**What is needed**
Write out, word for word and with no pictures, each line below from the one containing "Standing, from left" through the one containing "De inkomhal biedt", both included, and no other line.

**Exercise input**
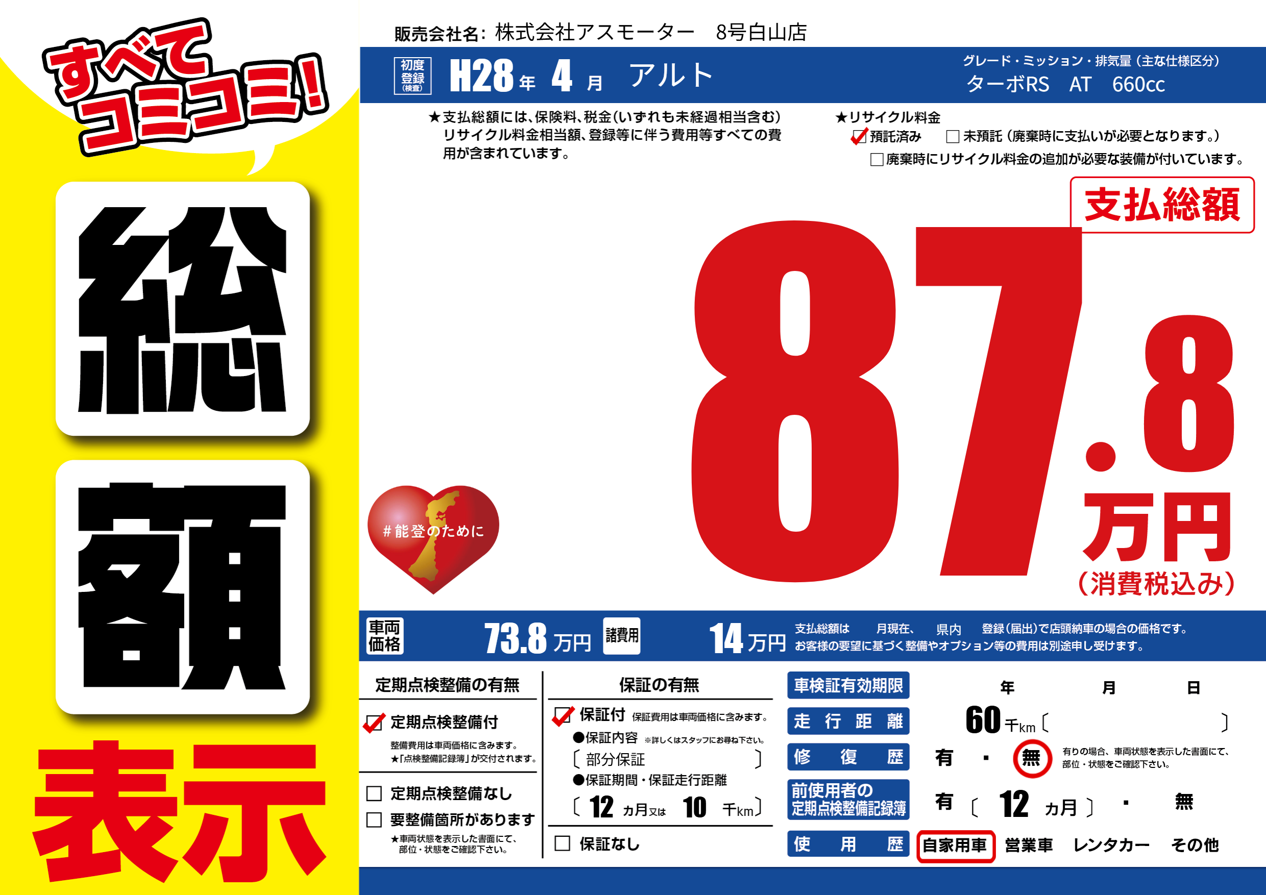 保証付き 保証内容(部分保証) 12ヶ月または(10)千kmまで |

---

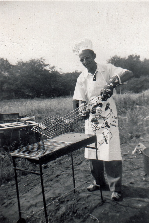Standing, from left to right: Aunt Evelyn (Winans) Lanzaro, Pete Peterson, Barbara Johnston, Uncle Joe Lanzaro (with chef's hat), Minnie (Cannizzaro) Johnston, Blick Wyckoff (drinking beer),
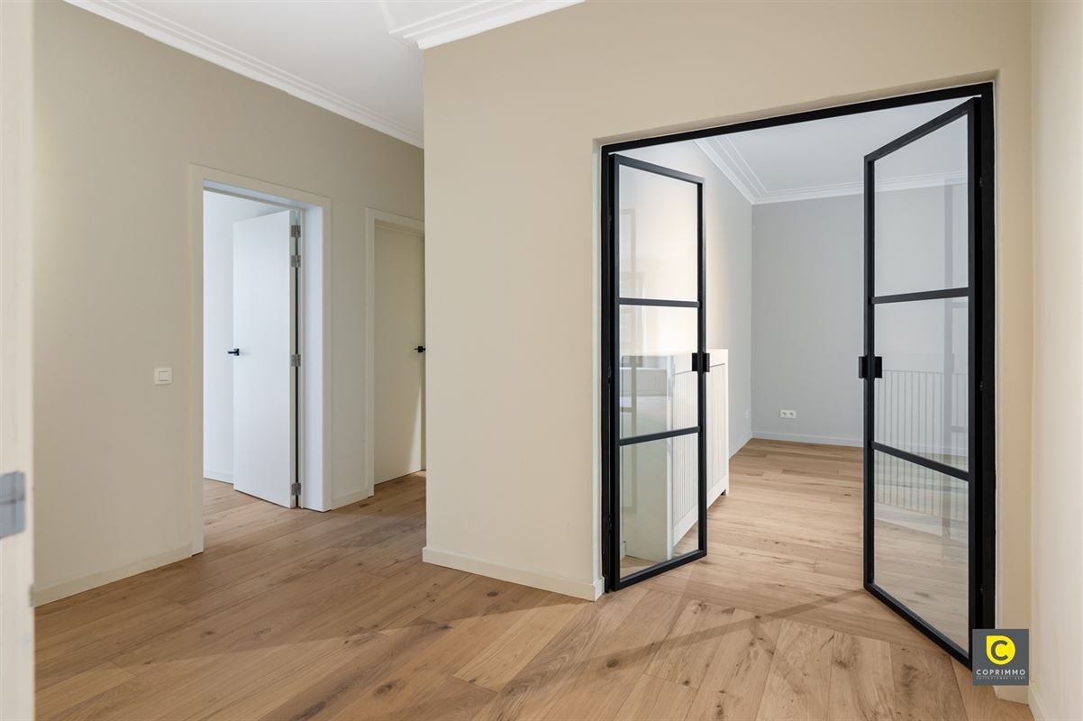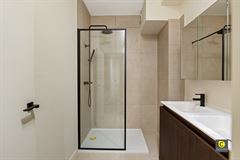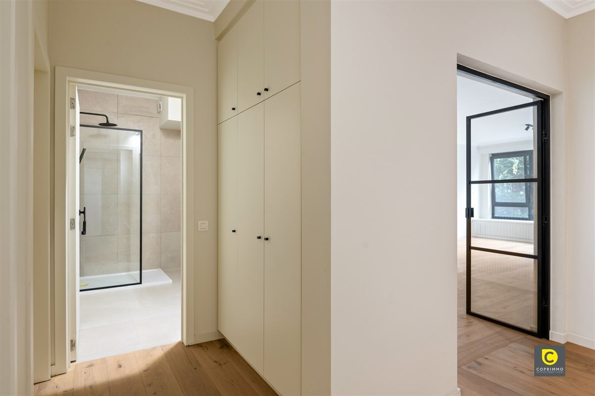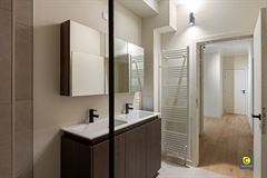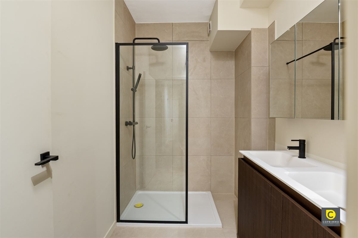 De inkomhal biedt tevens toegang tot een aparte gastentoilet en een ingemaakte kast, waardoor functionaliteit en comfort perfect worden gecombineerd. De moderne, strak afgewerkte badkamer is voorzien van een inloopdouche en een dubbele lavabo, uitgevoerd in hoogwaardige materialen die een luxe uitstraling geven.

---

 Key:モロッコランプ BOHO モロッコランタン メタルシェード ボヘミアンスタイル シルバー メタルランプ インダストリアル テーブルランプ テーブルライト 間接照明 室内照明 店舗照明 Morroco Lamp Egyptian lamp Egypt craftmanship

**Written answer**
Standing, from left to right: Aunt Evelyn (Winans) Lanzaro, Pete Peterson, Barbara Johnston, Uncle Joe Lanzaro (with chef's hat), Minnie (Cannizzaro) Johnston, Blick Wyckoff (drinking beer),
 De inkomhal biedt tevens toegang tot een aparte gastentoilet en een ingemaakte kast, waardoor functionaliteit en comfort perfect worden gecombineerd. De moderne, strak afgewerkte badkamer is voorzien van een inloopdouche en een dubbele lavabo, uitgevoerd in hoogwaardige materialen die een luxe uitstraling geven.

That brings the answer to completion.